I know heaps of people that check in whenever they're in the pub. 

This is the direction that checking in is going.

NSFW
checking in video


----------



## Pistol (13/6/11)

Went to North Rocks Yesterday and Today, was hoping for some Belgians or English, but they only had Aussies in 4-6 packs, grabbed an Alpha Pale Ale and a Stone and Wood.

They had an alright variety in singles, Grabbed a few, Old Engine Oil, 3 Monts off the top of the head.


----------



## np1962 (13/6/11)

Is there a 1st Choice in Melbourne City?
I will be there for a week from the 23rd and would love to get some cheap beers for late night drinks in my hotel room. Staying at Novotel on Collins.
Cheers
Nige


----------



## stillscottish (13/6/11)

Thanks for the heads-up. Installing it on my phone now. :icon_cheers:


----------



## humulus (13/6/11)

I dont have an i phone,will it work on an i pod touch?
:icon_cheers:


----------



## fcmcg (13/6/11)

NigeP62 said:


> Is there a 1st Choice in Melbourne City?
> I will be there for a week from the 23rd and would love to get some cheap beers for late night drinks in my hotel room. Staying at Novotel on Collins.
> Cheers
> Nige


There is one in Bay st Port Melbourne which is only 7 km from the cbd...if that helps ? Cab or tram ride ?


----------



## brettprevans (13/6/11)

Forget Ringwood. Ordinary choice now. Lots of Aussie stuff incl holgate etc but bugger all good imports now.


----------



## Jazzafish (13/6/11)

Bradley said:


> I know heaps of people that check in whenever they're in the pub.
> 
> This is the direction that checking in is going.
> 
> ...





ha ha ha ha ha

hatchback badge and vadge badge


----------



## The Giant (13/6/11)

is it 50% off only 1 6 pack at a time?
might pop in this arvo


----------



## sanpedro (13/6/11)

The Giant said:


> is it 50% off only 1 6 pack at a time?
> might pop in this arvo



Yes 1 six or four pack, per day, per store, per person I think. But there is no monitoring or swiping the voucher, they swipe a barcode that is on the counter- so you can give your phone to your mate or partner who can go straight back in the store and use it again. The places I went to they didn't even read the voucher.

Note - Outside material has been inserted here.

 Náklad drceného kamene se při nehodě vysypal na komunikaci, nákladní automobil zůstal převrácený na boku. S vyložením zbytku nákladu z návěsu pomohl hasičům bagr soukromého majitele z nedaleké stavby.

I found a cluster of stores in Melbourne in the Eastern Surburbs yesterday that were pretty close and went round to 3 of them

For Melbourne people here what I found at some of the stores:

Balwyn - best I could do was S&W pacific ale, the range here was probably the smallest
Ashburton - Coopers vintage ale, good range of English beers (but not in 4 or 6 packs)
Chadstone - knappstein lager. The girl in front of me used her discount to get a sixer of Bud, still overpriced  

The problem with most of the foreign beers is they don't display a 4 or 6 pack price, next time I'm going to ask if they allow the deal if you buy 6 of the same thing, but I wouldn't be suprised if thats not allowable.


----------



## Harry Volting (13/6/11)

so how do we use it if we don't have a web enabled phone?


----------



## sanpedro (13/6/11)

Harry Volting said:


> so how do we use it if we don't have a web enabled phone?



I don't think you can use foursquare without a web enabled phone.


----------



## Golani51 (13/6/11)

canon1ball said:


> Not sure if I want that, the deal yes, but is it worth the deal?
> Everyone knowing where you are and probably guessing what you're doing at a certain address?

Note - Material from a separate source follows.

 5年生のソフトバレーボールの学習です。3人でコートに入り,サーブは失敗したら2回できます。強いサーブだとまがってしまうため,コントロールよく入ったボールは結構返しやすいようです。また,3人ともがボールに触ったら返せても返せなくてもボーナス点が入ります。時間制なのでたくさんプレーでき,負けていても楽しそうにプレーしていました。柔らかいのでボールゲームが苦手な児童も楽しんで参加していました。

You have the option of not sharing with friends. I just went there, got a Coopers vintage 6er for $12 (radiuse tomorrow), and didn't use facebook. Used a gmail account instead.

Great deal. I think you can do it once at each store.


----------



## Golani51 (13/6/11)

sanpedro said:


> Y
> For Melbourne people here what I found at some of the stores:
> 
> Balwyn - best I could do was S&W pacific ale, the range here was probably the smallest
> ...




The radiuse you can get a 6er of. It doesn't come as a 6-pack, but gives the 6 pack price on the tag. You just grab 6 of them.
Same with most of them.

R


----------



## Golani51 (13/6/11)

Golani51 said:


> The radiuse you can get a 6er of (Ashburton). It doesn't come as a 6-pack, but gives the 6 pack price on the tag. You just grab 6 of them.
> Same with most of them.
> 
> R


----------



## Peteoz77 (13/6/11)

Apparently, you can log in to any store.. without going to the store. You can also save screen shots, and send them to other people that are NOT registered on 4square and they just display the screen shot of being logged in to that address... Probably not legal.. but it works very well I am told....


----------



## DU99 (13/6/11)

foursquare works on android and blackberry... .NigeP62 stores listed below close to the city..public transport goes past the door
1st Choice 120 Bay St Port Melbourne (03) 9644 3500 3.6kms (Bus No 250 - Garden City - La Trobe University)
1st Choice 320 Epsom Rd Ascot Vale (03) 9371 4000 5.6kms (Tram No 57 - West Maribyrnong - City Elizabeth St )
1st Choice Mt Alexander Rd & Homer St Moonee Ponds (03) 9373 5100 6.4kms
1st Choice Toorak Road & Tooronga Road Glen Iris (03) 9828 1100 8.0 kms


----------



## Northside Novice (13/6/11)

coopers vintage ale x 6 $12.50 cannon hill
punk ipa x 4 $9 waterloo hotel valley
leffe blonde x 6 lutwyche

in one hour ! very good deal ! wish all the beer they stock where available in 4 or 6 pack option, most really good ones are single or carton format only . but still cant complain at all. looks like my beer cellar is going to get a rather large intake this month !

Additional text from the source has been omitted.